Woods’s mercurial round included five birdies, but also six bogeys and the closing double on 18.

That six had to feel like “frosting on a stupid cookie,” as the millenials say. Woods looked like he would bounc back constantly from adversity all day. He suffered early bogeys at four and five, but ran off three birdies from the ninth through 11th, making long putts that evoked romantic visions of eight 2008 at Torrey or last year at Augusta. Woods had jumped from a tie for 93rd to a tie for sixth. “Quick! Somebody cue up Tom Rinaldi or Jimmy Roberts!” everyone thought. He’s gonna win!

But then the putter cooled off. A lipped-out short putt at 12 left his with a disappointing par. Two more bogeys followed at 13 and 14. Undaunted, Woods bounced back yet again. He clawed his way back to even par with a 60 foot birdie putt on the murderous 498-yard 16th, an astounding birdie on that monstrous, uphill par4.

But Woods bogeyed 17 with a wayward drive behind a tree and a missed short putt. Steam coming from his ears and his face redder than normal, Woods muttered some comments to himself before teeing off on 18, but the pep talk didn’t work.
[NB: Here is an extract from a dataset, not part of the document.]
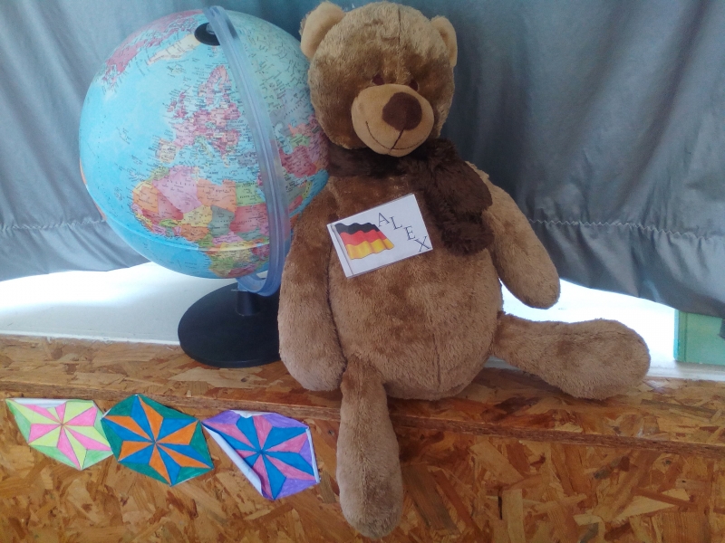 En cette dernière période de l’année, les élèves de CM2 ont accueilli un nouveau compagnon de classe ! Il s’agit de la mascotte “Bär Alex” qui les initie à l’allemand chaque lundi. L’ours est le symbole de la ville de Berlin, capitale de l’Allemagne (DEUTSCHLAND) :

His tee shot drew too much and landed in thick rough. He made good contact and nearly made it to the false front.

But then 18 at Winged Foot did what it tends to do. Woods embarrassingly chili dipped a pitch that rolled back to him down the false front. His next pitch was far better, pin high to six feet.

He missed the putt. Balloon meet pin.

“I had a nice little hot run there in the middle part of my round, hit a really good putt at 12, thought it was going to go in and then I lipped it out, and then made two bogeys after that,” he recalled dourly. “Seemed like I wasn’t getting anything out of my round early on, and it flipped, and unfortunately I just didn’t finish off the way I needed to.”

It just goes to show, Winged Foot’s 18th makes fools of us all. As we go to press, it’s playing the seventh hardest hole on the course, .26 strokes over par for the day.

Meanwhile Woods’s stats look almost as bad as Phil Mickelson’s. Woods hit just five out of 14 fairways all day and just nine greens. Today doesn’t bode well – it looks like much of his season where he’s ranked 145th in strokes gained around the green. And that’s with easy hole locations today. The pins will get tougher, the rough longer, and the greens and fairways harder.

Winged Foot may be Woods’s Kryptonite: In his last four championship rounds at Winged Foot Woods is a combined 20-over par, (73 today, 76-76-MC at the 2006 U.S. Open, and a 75 in the final round of the 1997 PGA Championship where he finished 3-over, 14 shots behind winner Davis Love III.)

Still, Thursday is just getting to know you. You can’t win it on Thursday, but you can lose it. Woods isn’t out of it by any means, despite Winged Foot treating him like a distant, unlovable relative.

“There’s still a lot of golf left to play,” he concluded optimistically.